File /usr/lib/python3/dist-packages/scipy/optimize/_lsq/least_squares.py:820, in least_squares(fun, x0, jac, bounds, method, ftol, xtol, gtol, x_scale, loss, f_scale, diff_step, tr_solver, tr_options, jac_sparsity, max_nfev, verbose, args, kwargs)
    817 if method == 'trf':
    818     x0 = make_strictly_feasible(x0, lb, ub)
--> 820 f0 = fun_wrapped(x0)
    822 if f0.ndim != 1:
    823     raise ValueError("`fun` must return at most 1-d array_like. "
    824                      "f0.shape: {0}".format(f0.shape))

File /usr/lib/python3/dist-packages/scipy/optimize/_lsq/least_squares.py:815, in least_squares.<locals>.fun_wrapped(x)
    814 def fun_wrapped(x):
--> 815     return np.atleast_1d(fun(x, *args, **kwargs))

File /usr/lib/python3/dist-packages/scipy/optimize/_minpack_py.py:485, in _wrap_func.<locals>.func_wrapped(params)
    484 def func_wrapped(params):
--> 485     return func(xdata, *params) - ydata

Cell In[24], line 8, in fmodel(cmax, sc)
      3 with model as model:
      4     rxc.add_metabolites({
      5     mc_e   : -1,
      6     mc_c   :  sc
      7     }, combine=False)
----> 8     rxc.bounds = (0, cmax) 
      9     model.objective = 'C'
     10     # Run FBA with the model

File /usr/local/lib/python3.10/dist-packages/cobra/util/context.py:107, in resettable.<locals>.wrapper(self, new_value)
    105 old_value = getattr(self, func.__name__)
    106 # Don't clutter the context with unchanged variables
--> 107 if old_value == new_value:
    108     return
    109 context(partial(func, self, old_value))

ValueError: The truth value of an array with more than one element is ambiguous. Use a.any() or a.all()

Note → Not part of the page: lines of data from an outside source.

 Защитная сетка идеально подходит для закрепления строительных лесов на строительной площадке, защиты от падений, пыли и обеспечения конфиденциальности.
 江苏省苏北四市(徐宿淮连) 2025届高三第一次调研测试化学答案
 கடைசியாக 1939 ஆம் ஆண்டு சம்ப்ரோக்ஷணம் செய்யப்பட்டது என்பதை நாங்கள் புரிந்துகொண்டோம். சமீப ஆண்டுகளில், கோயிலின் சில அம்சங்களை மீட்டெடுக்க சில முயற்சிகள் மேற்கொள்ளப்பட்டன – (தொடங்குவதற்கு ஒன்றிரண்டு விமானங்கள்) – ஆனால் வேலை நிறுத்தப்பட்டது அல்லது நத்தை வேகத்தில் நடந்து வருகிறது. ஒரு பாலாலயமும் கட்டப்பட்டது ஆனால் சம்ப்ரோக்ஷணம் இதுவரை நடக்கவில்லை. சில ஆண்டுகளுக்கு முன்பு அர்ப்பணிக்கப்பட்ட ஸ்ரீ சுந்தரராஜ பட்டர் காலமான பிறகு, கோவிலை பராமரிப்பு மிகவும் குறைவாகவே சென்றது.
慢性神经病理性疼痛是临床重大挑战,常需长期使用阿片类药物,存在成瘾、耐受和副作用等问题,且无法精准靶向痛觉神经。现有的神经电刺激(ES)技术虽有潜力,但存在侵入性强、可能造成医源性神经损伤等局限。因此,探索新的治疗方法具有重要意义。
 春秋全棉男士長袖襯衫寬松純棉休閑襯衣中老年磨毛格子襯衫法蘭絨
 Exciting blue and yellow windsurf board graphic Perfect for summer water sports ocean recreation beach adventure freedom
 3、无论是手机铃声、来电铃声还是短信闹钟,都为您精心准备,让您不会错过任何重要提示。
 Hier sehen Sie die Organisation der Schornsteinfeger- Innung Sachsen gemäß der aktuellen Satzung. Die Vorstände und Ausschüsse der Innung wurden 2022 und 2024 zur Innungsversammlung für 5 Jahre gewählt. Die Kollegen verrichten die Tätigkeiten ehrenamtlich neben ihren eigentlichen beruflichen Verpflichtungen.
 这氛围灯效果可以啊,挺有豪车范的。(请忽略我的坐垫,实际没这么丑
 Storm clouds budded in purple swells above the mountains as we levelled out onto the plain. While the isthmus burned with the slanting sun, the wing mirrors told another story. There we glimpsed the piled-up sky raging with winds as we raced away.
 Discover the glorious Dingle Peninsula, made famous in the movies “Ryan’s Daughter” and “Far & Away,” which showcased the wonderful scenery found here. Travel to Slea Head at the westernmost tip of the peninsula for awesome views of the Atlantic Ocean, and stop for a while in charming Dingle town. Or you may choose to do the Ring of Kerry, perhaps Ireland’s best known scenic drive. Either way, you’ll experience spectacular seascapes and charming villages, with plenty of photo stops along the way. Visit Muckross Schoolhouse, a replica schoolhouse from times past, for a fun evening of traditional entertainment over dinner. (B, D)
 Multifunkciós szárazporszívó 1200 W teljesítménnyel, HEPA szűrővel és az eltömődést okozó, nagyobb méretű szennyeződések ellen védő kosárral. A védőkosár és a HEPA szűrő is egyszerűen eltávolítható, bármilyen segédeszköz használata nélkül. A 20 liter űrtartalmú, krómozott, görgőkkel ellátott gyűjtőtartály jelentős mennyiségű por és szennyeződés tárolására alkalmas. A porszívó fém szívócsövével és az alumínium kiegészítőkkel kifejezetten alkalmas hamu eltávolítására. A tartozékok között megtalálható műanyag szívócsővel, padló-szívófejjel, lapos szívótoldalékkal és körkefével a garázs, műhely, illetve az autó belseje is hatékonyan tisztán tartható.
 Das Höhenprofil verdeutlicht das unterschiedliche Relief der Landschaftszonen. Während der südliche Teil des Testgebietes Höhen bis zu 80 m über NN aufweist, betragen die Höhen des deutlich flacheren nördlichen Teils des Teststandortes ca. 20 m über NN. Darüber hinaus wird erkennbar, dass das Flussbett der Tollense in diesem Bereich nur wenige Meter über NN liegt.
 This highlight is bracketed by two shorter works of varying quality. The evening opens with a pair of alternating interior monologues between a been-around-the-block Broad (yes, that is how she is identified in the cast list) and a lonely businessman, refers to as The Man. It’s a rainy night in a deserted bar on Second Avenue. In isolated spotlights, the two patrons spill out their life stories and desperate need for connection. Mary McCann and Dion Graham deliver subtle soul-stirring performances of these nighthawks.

This seems to be due to the tendency of the fitting procedures to pass vectorized data to the fit function where it accepts only a scalar. How can I avoid the problem it is causing in this case?


Solution

  • It turns out curve_fit() passes the entire independent variable data array as cmax along with a scalar fit parameter as sc in each call of the model function. So, I renamed the original fit model to fmodel_single and defined the wrapper below to handle the input array and return an array of outputs:

    def fmodel(cmax, sc):
        # This function applies fmodel_single to each element of cmax and sc
        return np.array([fmodel_single(c, sc) for c in cmax])
    

    Now curve_fit calling the wrapper function works successfully. Thanks to @jared for debug suggestion!